With craggy Celtic metaphysics and perfect linguistic pitch, R. T. Smith evokes the landscape, culture, and history of Ireland and the New World through the eyes and ears of an outsider. Words matter to Smith, and the language of these poems is knotty and precise, blazing into moments of recognition with the elliptical testimony and spare light of everyday objects:
. . . adze
and hammer, gate
latch, cracked Baleek
and a Claddagh brooch.
It is this muted voice of perfection, speaking from the simple lines of Shaker furniture, that chills the speaker of “New Lebanon” as he reflects upon the religious sect’s “hard bargain / with God, their promise / to be virtue’s monsters.”
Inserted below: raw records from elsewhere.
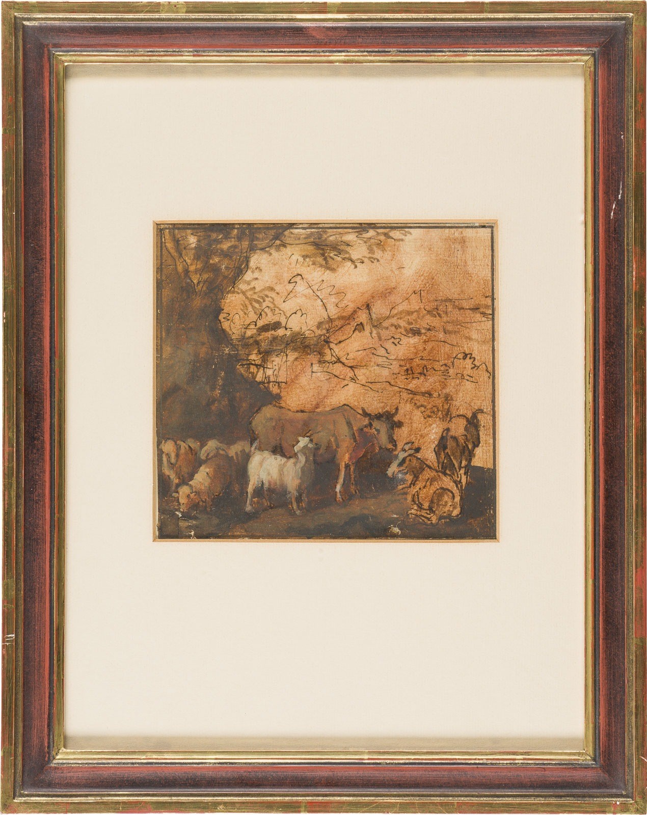 Pinsel in Schwarz und Mischtechnik auf Büttenpapier. Sichtmass: 15,3 x 16,5 cm, Rahmenmass: 39 x 31 cm. Linke untere Ecke min. besch. und rest., halb recht unten min. Farbverlust. Im Passepartout und hinter Glas gerahmt.
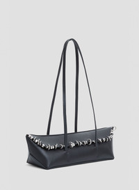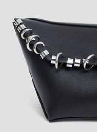 An structured silhouette softened by leather and pierced with polished hardware. The Gondola Pierced Mini Tote features a long rectangular body suspended by twin leather straps, with custom rings threaded along its top seam. - Structured rectangular silhouette - Pierced hardware detail in mixed custom rings - Magnetic top flap closure - Smooth leather outer with structured feel - Main: 100% Cow Leather - Hardware: 100% Copper
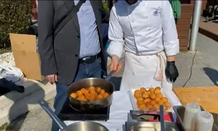„Вземете си поничка и гласувайте за нас”, призовава готвачът шеф Филип Спасов, докато върти поничките в тигана.
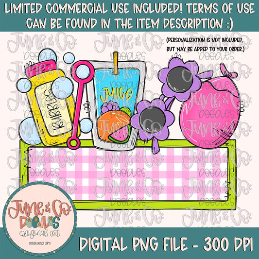 Girls Summer Things With Name Plate PNG| Summer Time Sublimation File| Outside Fun Shirt Design| Printable Art| Instant Download
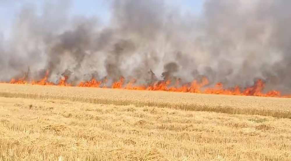 खलिहान में रखे गेहूं में अचानक लगी आग
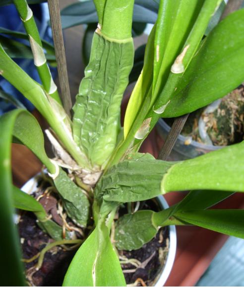 et ses pseudobulbes sont en train de se rider d'une manière assez impressionnante, comme s'ils se vidaient de leur contenu.
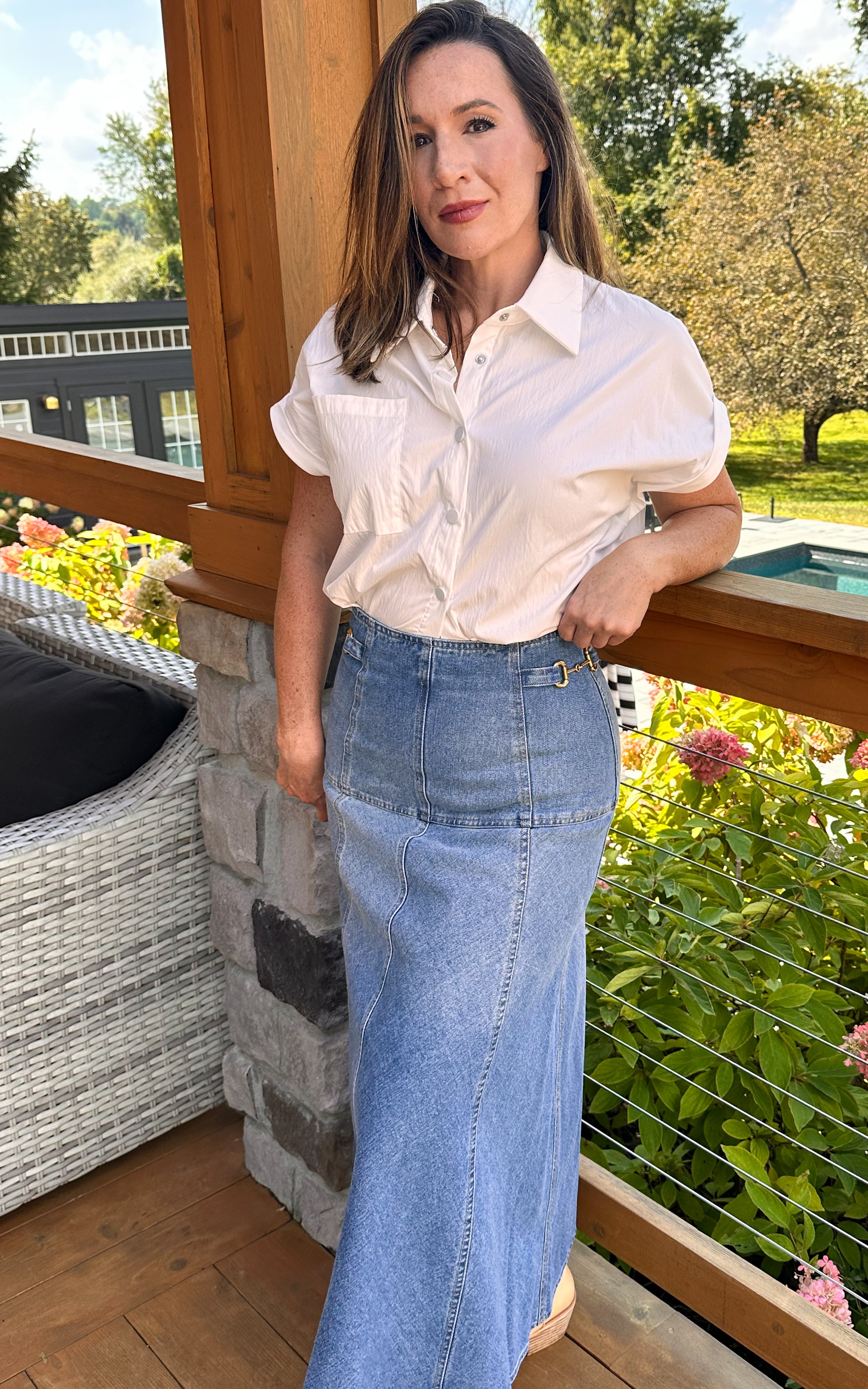 Classic denim, reimagined with a luxe twist. The Bristol Skirt is a longline denim silhouette featuring sleek side panels adorned with gold horse-bit style buckles on each hip—bringing a hint of equestrian glam to a timeless shape. With a structured fit and subtle A-line cut, it’s the kind of piece that feels elevated yet wearable, no matter where the day takes you.
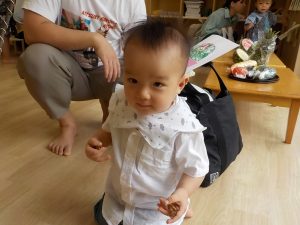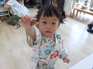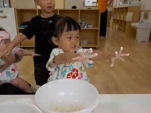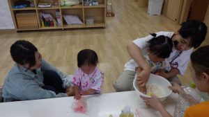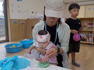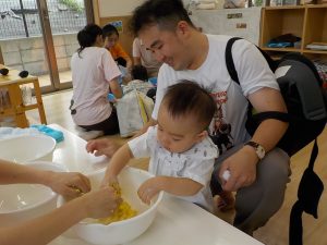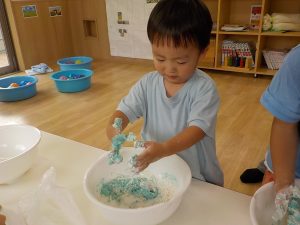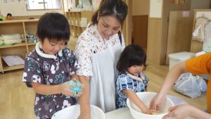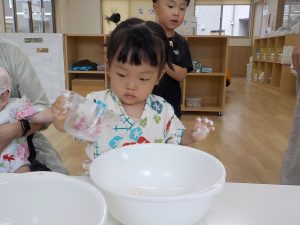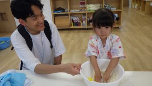 小麦粉粘土コーナーでは、小麦粉と水と油を混ぜて小麦粉粘土を作りました。粉のサラサラとした感触から水を加えてベタベタと感触が変わることに驚いた表情を見せたり、こね続けて柔らかくなってくると「気持ちいいよ!」と言葉にしながら感触を楽しんだり、できた小麦粉粘土をちぎったりして楽しんでいました。
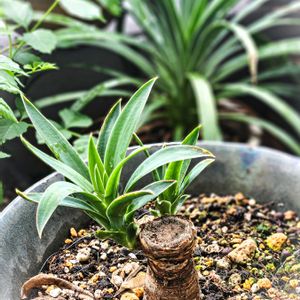 ユッカリギダ 鉢底から根がはみ出ていたので植え替えしました 大きめと鉢にして小さなドライガーデン風にしてみました
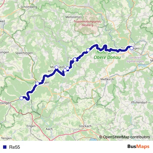 The first stop of the Re55 bus route is Donaueschingen ZOB Bstg 2 and the last stop is Villingen Bahnhof/ZOB Bstg C. Re55 is operational during am Wochenende.
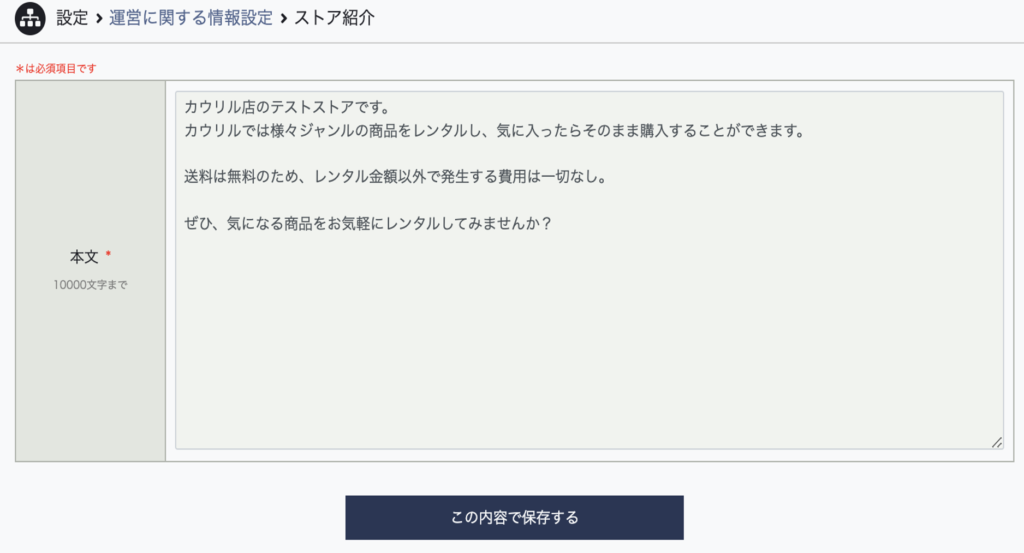 カウリル管理画面の「設定>運営に関する情報設定>ストア紹介」にて文章を作成し、取扱商品やサービスの魅力をお客さまへ届けましょう。

Trespasser arcs with rigorous unity of vision from the secular to the heights of spiritual rapture, until the demarcation between world and spirit finally begins to blur. In a parable of the perfection in disorder, “Before the Breakup” juxtaposes the heartbreak of parting against the discovery of a bee embalmed in a jar of bramble jam. And “Passage to Kilronin,” a meditation on the drowning of a boy from one of the local trawlers, eloquently voices the notion of cosmic kinship.
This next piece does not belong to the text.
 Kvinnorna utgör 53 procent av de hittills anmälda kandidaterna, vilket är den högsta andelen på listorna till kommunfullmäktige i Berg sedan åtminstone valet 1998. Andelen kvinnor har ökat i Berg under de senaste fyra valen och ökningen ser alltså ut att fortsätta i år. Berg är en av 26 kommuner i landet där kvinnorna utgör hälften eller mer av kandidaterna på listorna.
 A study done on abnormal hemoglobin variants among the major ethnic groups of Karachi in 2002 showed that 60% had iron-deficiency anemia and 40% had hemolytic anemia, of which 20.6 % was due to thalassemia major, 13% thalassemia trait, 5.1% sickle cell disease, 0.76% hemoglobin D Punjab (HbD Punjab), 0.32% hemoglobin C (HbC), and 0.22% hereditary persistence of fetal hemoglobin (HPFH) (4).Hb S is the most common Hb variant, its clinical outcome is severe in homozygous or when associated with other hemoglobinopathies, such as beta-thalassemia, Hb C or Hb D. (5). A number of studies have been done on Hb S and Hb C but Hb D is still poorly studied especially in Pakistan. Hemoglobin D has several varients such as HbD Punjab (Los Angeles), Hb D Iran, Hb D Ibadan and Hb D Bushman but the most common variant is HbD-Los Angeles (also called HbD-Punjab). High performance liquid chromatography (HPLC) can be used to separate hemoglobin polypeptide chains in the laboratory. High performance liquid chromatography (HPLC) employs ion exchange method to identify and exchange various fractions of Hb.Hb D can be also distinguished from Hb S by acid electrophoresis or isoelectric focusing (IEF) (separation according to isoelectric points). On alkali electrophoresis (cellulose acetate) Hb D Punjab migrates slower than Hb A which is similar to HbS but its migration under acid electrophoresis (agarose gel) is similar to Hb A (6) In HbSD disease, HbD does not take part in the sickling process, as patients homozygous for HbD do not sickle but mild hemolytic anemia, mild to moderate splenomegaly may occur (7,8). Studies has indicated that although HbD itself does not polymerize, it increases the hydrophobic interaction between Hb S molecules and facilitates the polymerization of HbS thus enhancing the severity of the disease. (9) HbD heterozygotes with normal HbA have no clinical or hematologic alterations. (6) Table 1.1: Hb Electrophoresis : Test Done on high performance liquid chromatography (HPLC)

The collection ends on an eerily pastoral note with the crepuscular, self-composed epitaph of St. Gristle, a holy madman:
I will be love’s gallows,
all sap and marrow,
mad lament of shadows
and a mouthful of birds
dying to sing.
Surely, this book suggests, between world and spirit there is, for those who can see, no demarcation at all.Trespasser is a dazzling, passionate collection, certain to delight and move any reader who has an ear for the music of language played by a virtuoso.